**Exercise input:**
====================

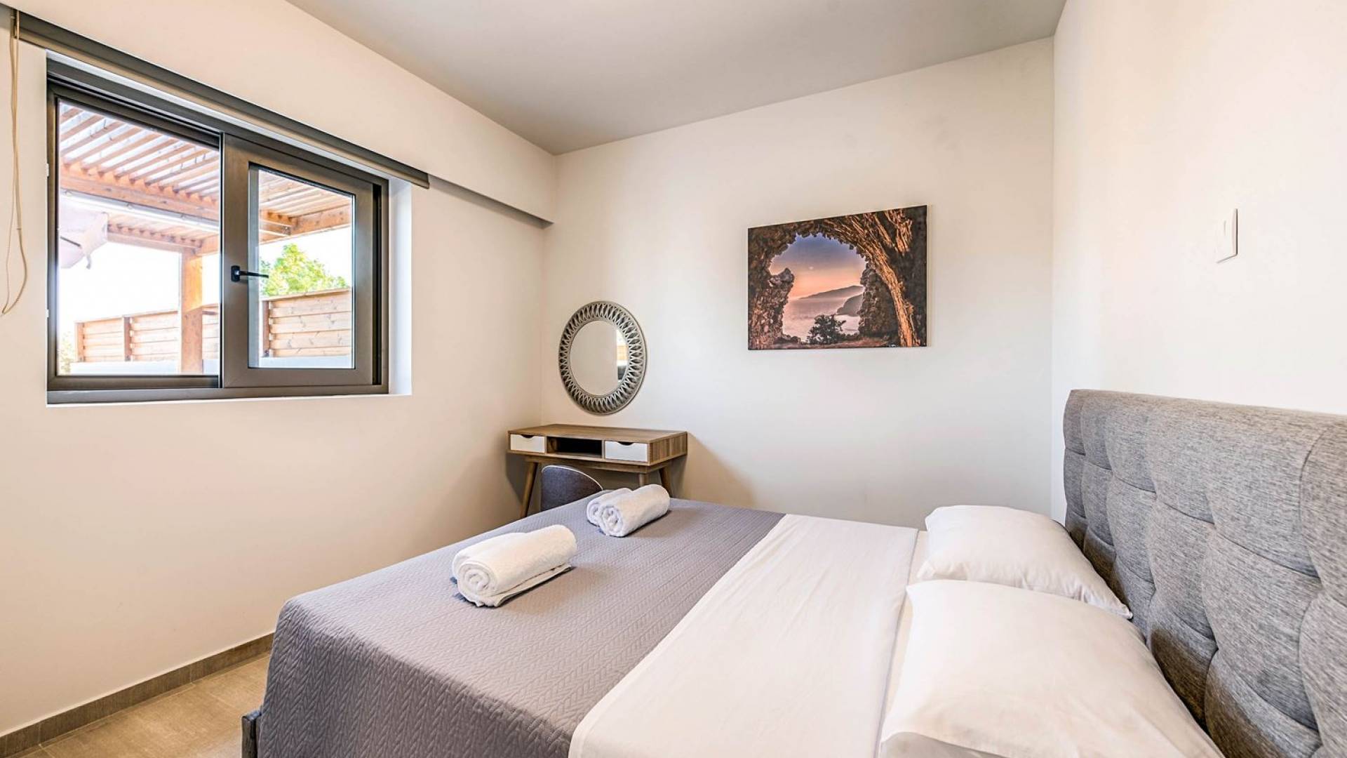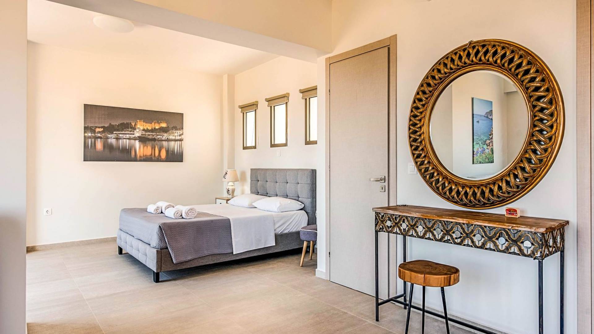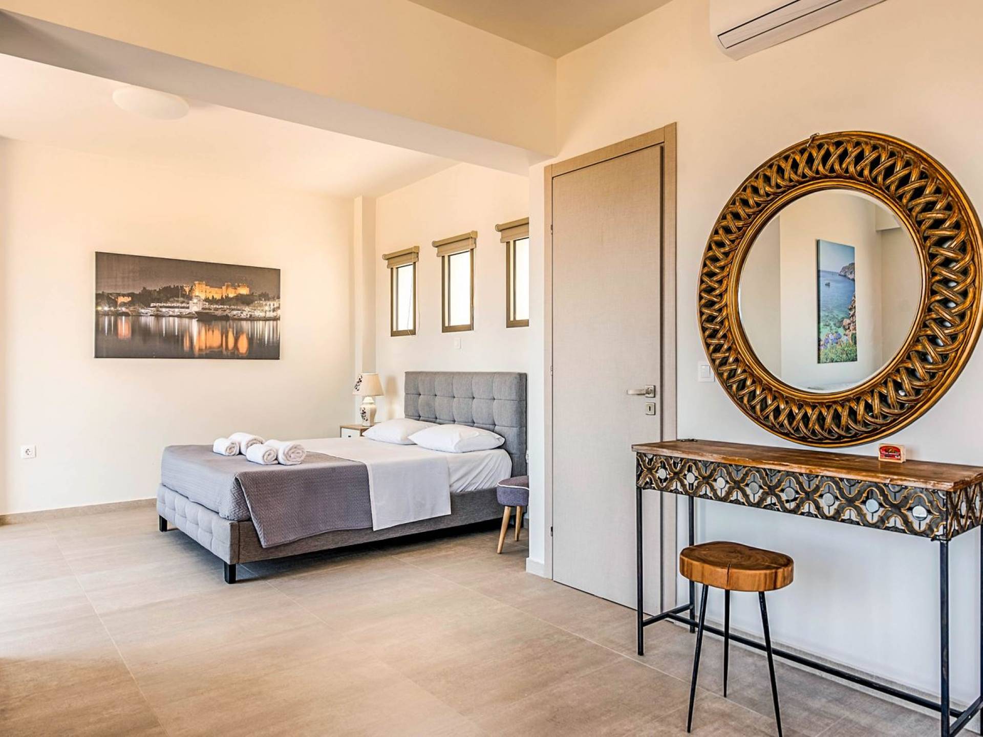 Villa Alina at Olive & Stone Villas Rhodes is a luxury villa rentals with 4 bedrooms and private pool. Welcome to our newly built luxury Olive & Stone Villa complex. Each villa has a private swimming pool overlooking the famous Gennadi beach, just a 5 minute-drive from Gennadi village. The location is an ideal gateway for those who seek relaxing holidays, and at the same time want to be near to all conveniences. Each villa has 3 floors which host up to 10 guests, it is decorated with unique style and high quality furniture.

====================

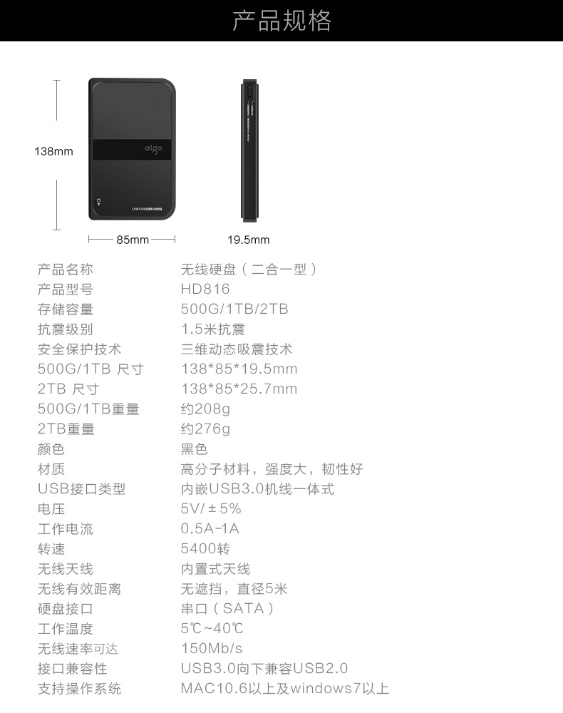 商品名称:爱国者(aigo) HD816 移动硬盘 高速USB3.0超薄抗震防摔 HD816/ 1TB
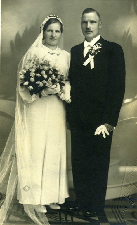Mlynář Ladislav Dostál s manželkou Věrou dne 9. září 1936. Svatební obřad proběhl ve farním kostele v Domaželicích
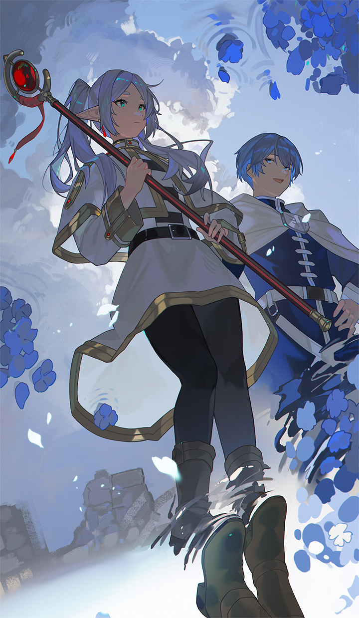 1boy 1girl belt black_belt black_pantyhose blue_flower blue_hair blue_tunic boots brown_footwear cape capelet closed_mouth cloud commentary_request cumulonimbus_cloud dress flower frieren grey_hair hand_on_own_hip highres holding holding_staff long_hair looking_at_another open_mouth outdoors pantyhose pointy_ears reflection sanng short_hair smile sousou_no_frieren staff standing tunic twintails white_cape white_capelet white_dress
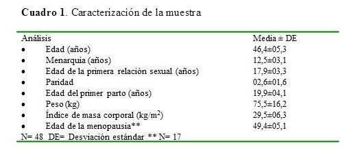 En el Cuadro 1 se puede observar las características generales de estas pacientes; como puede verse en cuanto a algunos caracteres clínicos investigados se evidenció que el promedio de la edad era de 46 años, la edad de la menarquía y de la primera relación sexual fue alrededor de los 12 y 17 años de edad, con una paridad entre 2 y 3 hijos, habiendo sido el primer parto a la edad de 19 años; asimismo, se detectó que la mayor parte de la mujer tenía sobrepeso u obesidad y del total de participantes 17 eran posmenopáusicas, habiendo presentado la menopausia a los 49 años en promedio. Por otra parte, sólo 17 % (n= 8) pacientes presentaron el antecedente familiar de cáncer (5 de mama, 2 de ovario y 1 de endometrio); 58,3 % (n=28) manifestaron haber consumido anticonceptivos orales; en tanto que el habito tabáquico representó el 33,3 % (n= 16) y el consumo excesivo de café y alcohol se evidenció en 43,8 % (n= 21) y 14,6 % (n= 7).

====================

Leaving pictures out, output the lines of the data above from the one with "商品名称:爱国者(aigo) HD816 移动硬盘" through the one with "1boy 1girl belt", word for word.

 商品名称:爱国者(aigo) HD816 移动硬盘 高速USB3.0超薄抗震防摔 HD816/ 1TB
Mlynář Ladislav Dostál s manželkou Věrou dne 9. září 1936. Svatební obřad proběhl ve farním kostele v Domaželicích
 1boy 1girl belt black_belt black_pantyhose blue_flower blue_hair blue_tunic boots brown_footwear cape capelet closed_mouth cloud commentary_request cumulonimbus_cloud dress flower frieren grey_hair hand_on_own_hip highres holding holding_staff long_hair looking_at_another open_mouth outdoors pantyhose pointy_ears reflection sanng short_hair smile sousou_no_frieren staff standing tunic twintails white_cape white_capelet white_dress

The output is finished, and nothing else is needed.